╔══

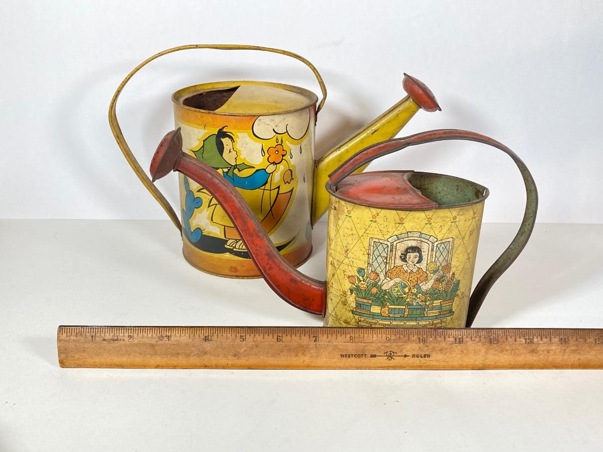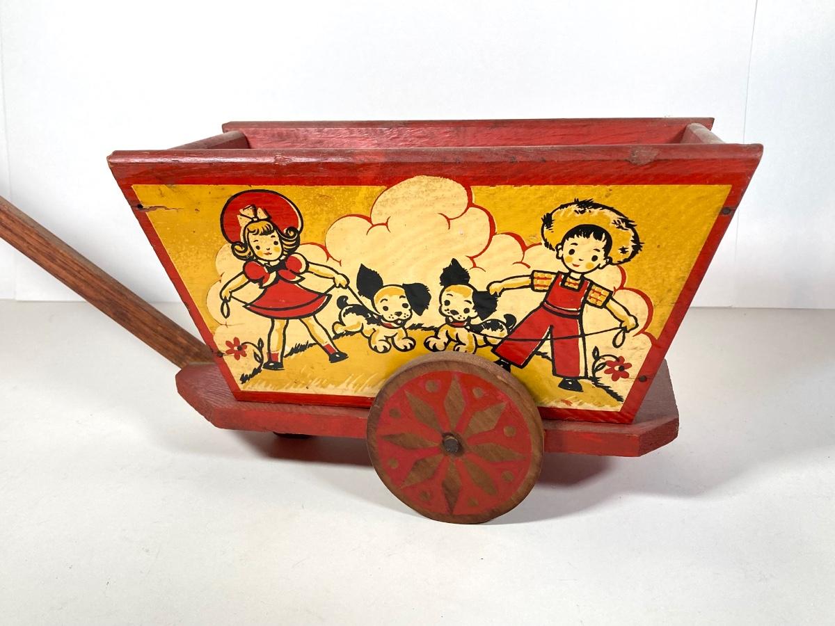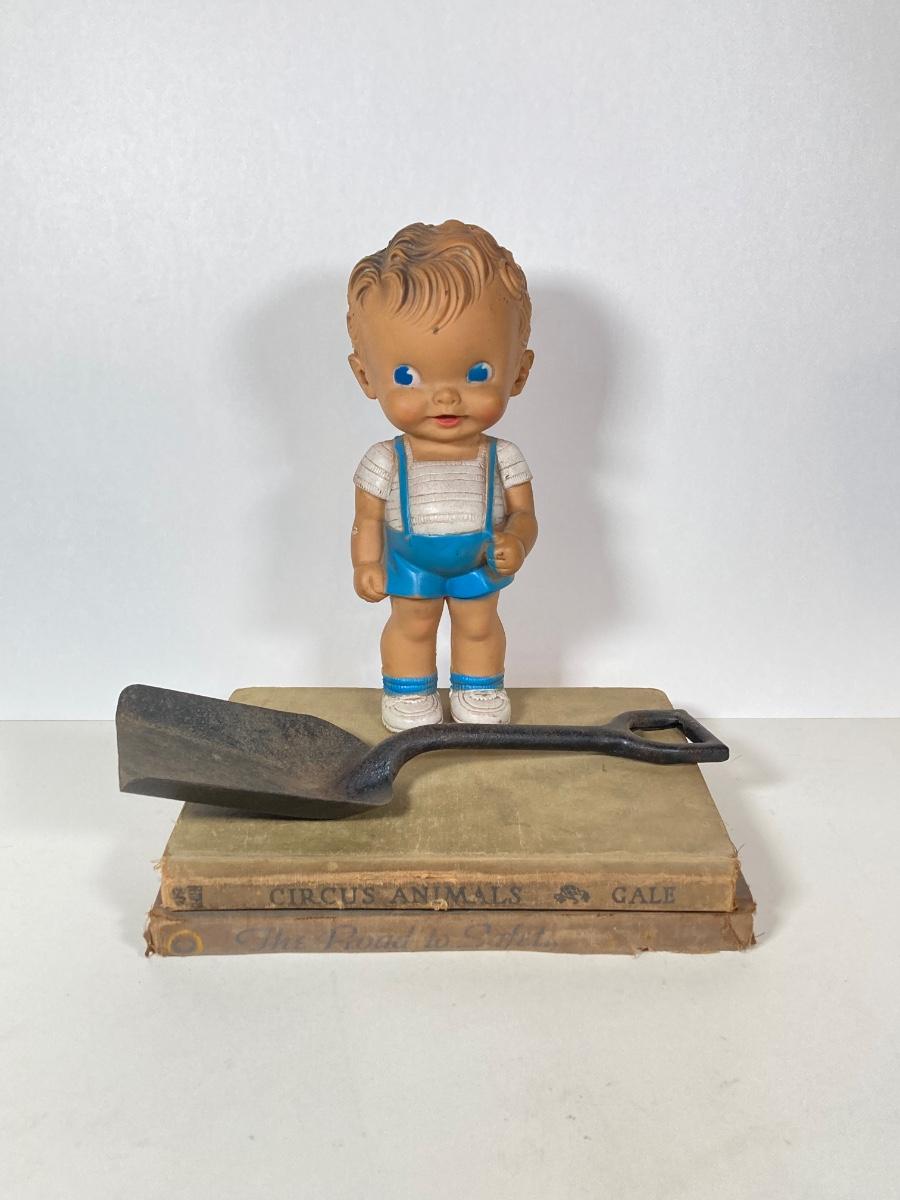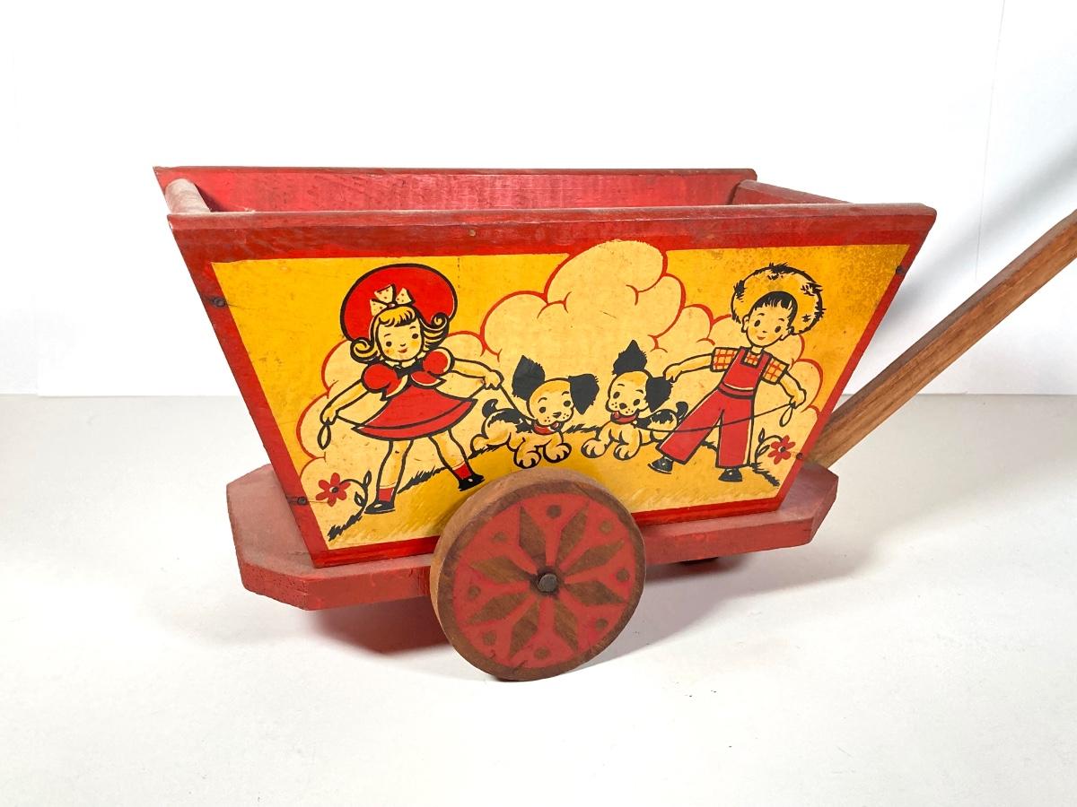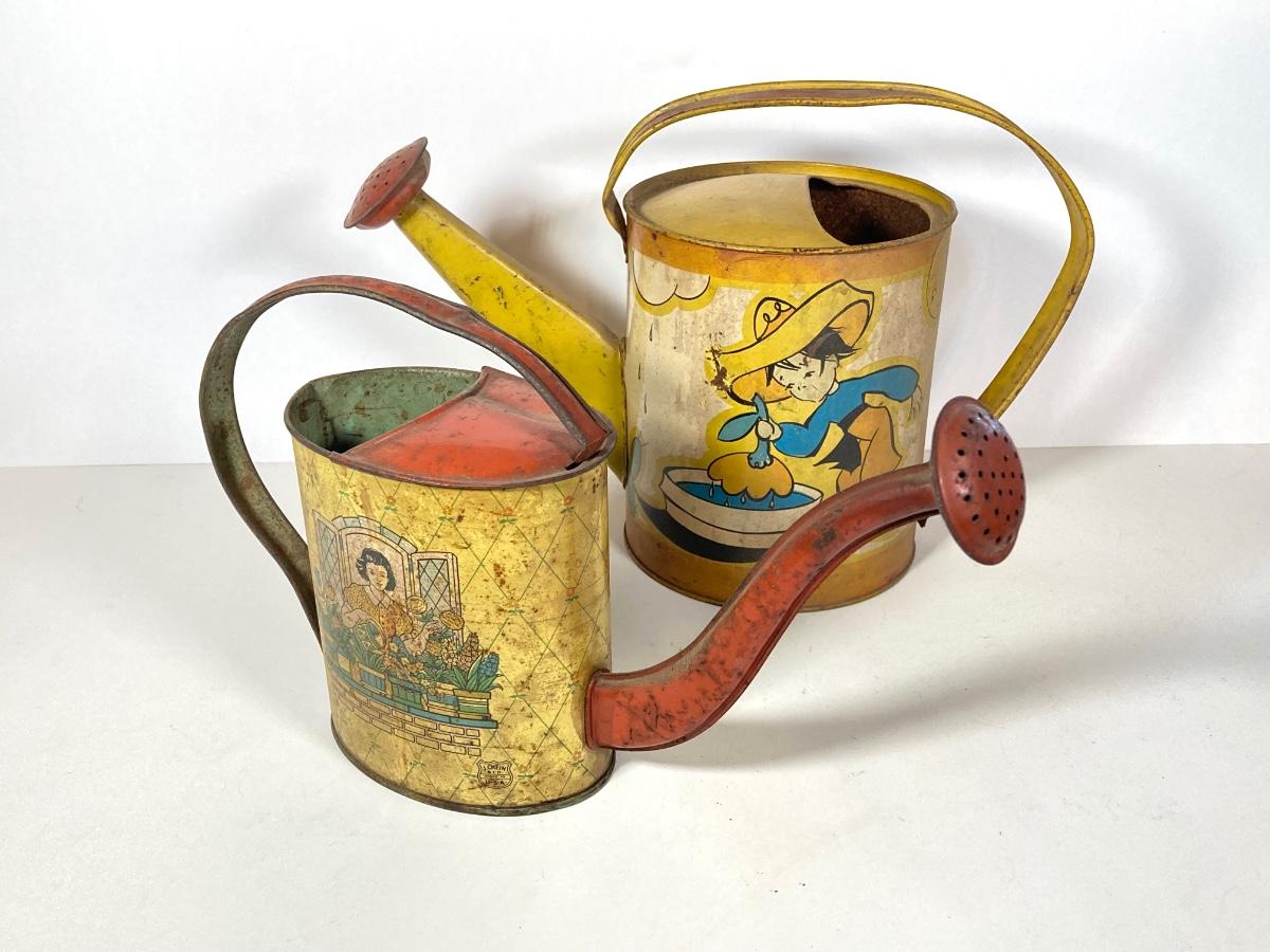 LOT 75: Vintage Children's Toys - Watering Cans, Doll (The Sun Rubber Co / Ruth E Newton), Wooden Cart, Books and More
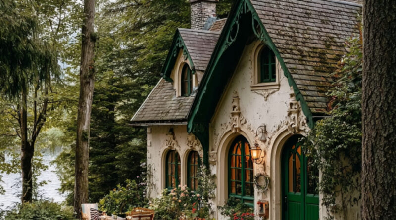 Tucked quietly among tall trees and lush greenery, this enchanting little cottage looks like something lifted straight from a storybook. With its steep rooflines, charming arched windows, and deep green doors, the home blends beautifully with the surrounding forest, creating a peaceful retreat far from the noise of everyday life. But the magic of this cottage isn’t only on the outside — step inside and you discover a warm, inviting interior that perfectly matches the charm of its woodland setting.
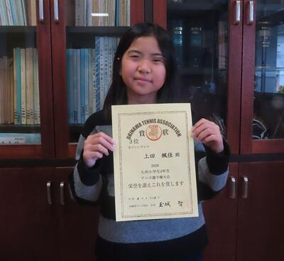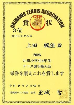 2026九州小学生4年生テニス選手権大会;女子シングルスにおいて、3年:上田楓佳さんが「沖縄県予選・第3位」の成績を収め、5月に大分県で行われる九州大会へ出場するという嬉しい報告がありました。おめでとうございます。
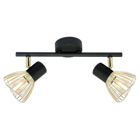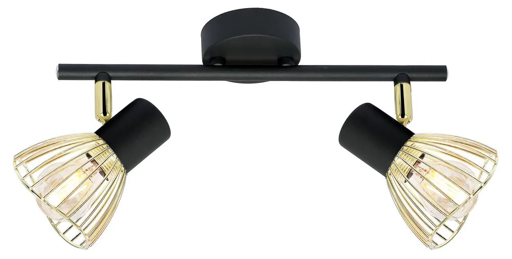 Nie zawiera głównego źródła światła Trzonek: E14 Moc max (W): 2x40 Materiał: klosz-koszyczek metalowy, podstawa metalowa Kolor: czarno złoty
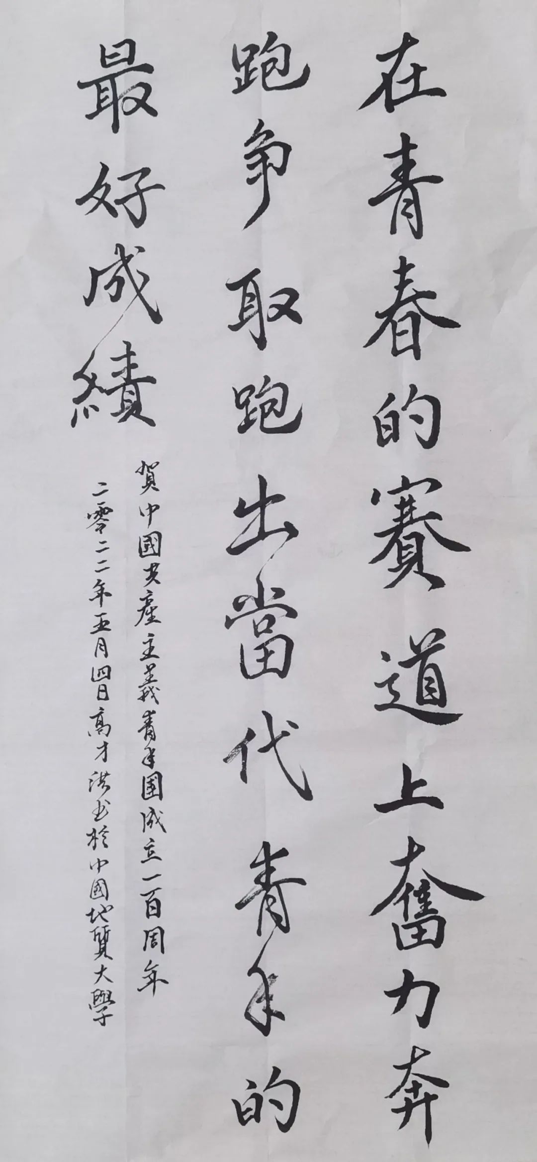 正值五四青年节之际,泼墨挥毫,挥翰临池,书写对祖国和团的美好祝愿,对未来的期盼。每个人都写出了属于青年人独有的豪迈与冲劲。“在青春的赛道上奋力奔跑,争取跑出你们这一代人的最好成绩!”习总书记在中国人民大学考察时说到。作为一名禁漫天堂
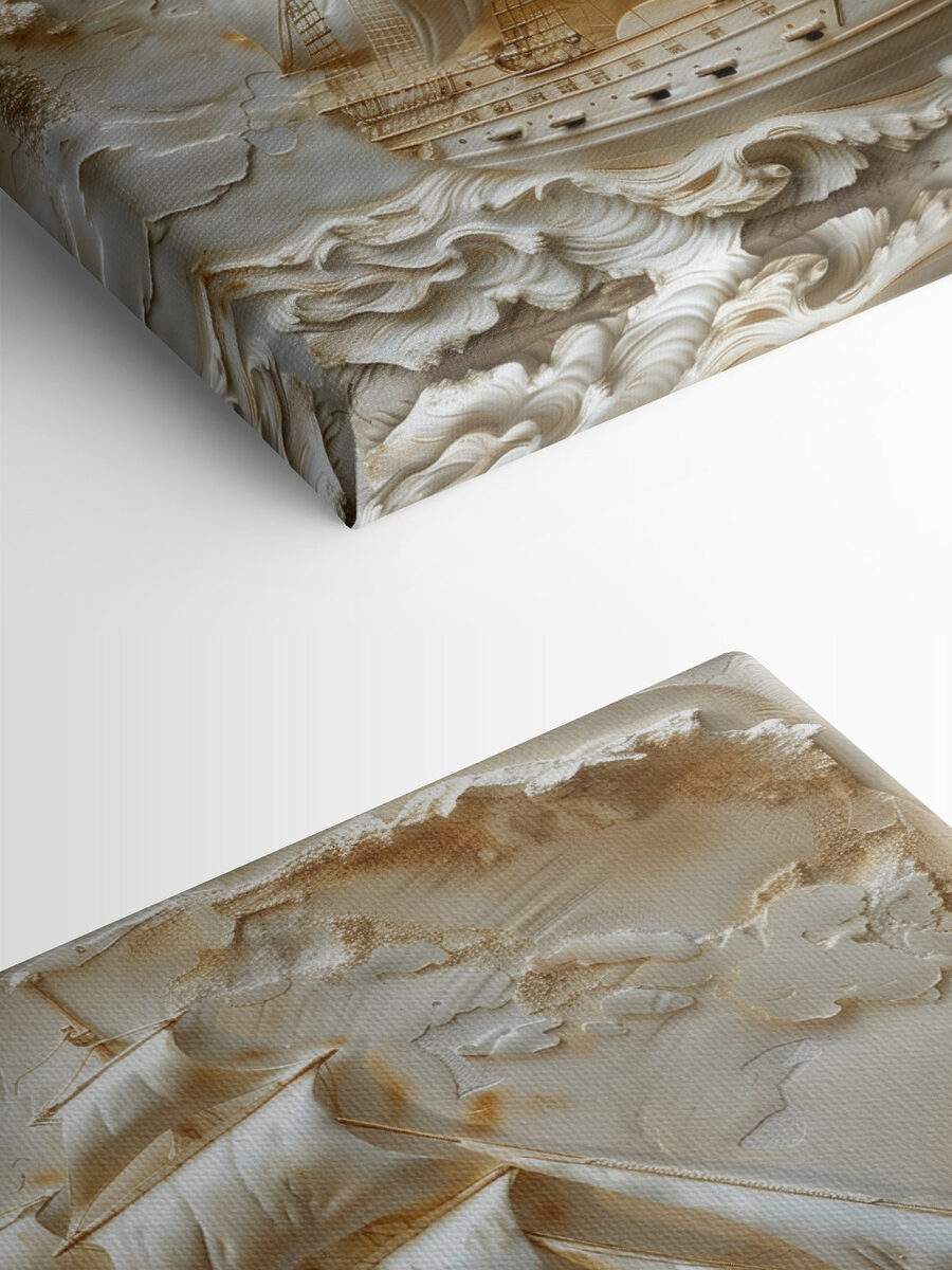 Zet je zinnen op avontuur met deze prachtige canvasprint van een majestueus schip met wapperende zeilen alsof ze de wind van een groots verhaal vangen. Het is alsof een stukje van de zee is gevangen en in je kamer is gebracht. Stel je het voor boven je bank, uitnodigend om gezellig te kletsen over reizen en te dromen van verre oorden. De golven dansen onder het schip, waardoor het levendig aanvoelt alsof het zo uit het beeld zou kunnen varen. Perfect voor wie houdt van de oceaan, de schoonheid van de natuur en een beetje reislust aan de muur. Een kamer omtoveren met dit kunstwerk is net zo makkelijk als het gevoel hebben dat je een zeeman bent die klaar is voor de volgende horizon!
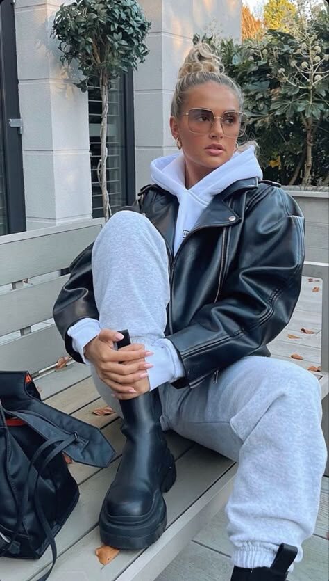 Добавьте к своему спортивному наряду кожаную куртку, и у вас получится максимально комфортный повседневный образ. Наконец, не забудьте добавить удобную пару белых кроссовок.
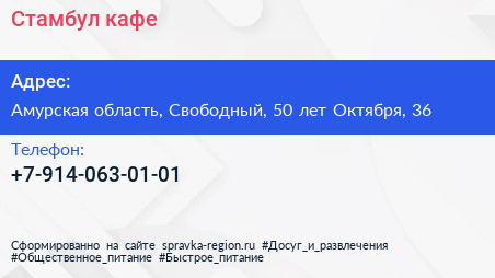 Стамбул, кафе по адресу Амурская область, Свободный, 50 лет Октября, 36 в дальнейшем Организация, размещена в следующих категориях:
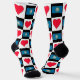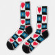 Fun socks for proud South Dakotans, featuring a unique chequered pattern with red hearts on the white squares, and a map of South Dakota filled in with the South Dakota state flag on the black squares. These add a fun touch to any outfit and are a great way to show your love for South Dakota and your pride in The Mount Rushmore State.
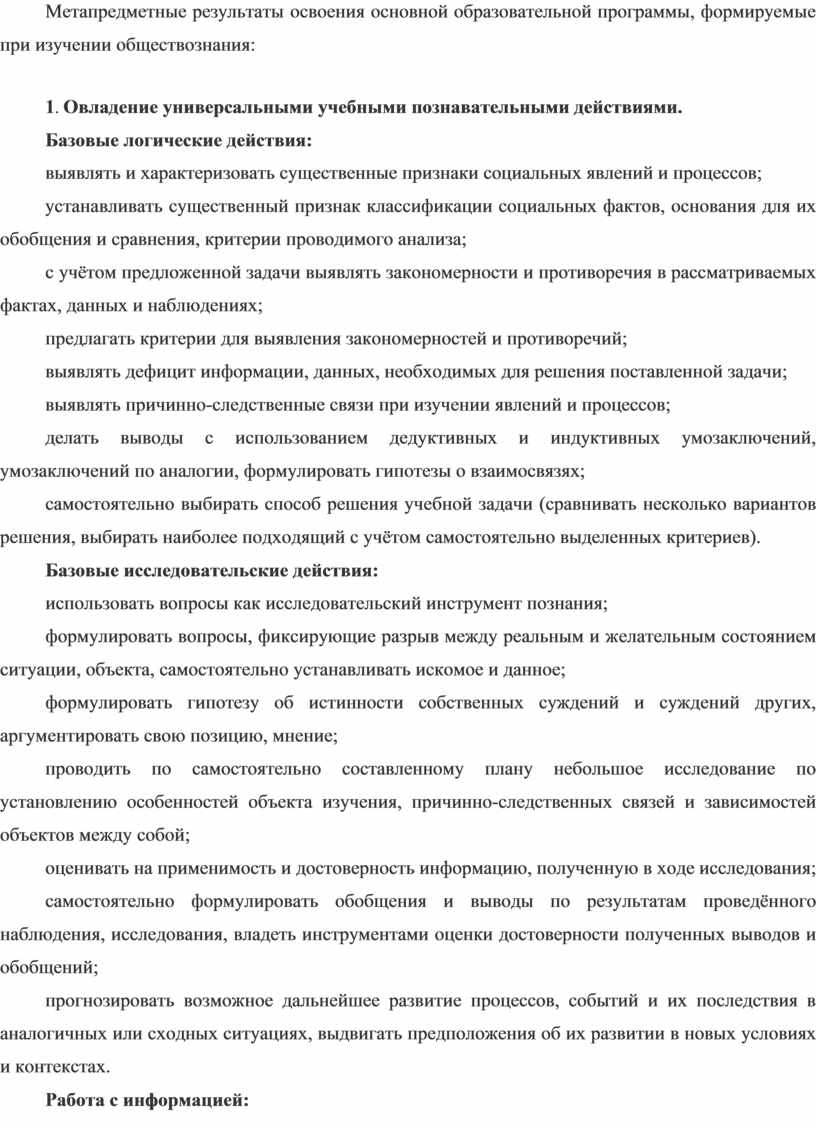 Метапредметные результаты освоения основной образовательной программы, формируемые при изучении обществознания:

╚══

## WHAT THIS TASK INVOLVES:
Each line from the line containing "Fun socks for" through the final line of the data above must be retyped exactly; nothing else, and no pictures, may appear.

## TASK SOLUTION:
 Fun socks for proud South Dakotans, featuring a unique chequered pattern with red hearts on the white squares, and a map of South Dakota filled in with the South Dakota state flag on the black squares. These add a fun touch to any outfit and are a great way to show your love for South Dakota and your pride in The Mount Rushmore State.
 Метапредметные результаты освоения основной образовательной программы, формируемые при изучении обществознания:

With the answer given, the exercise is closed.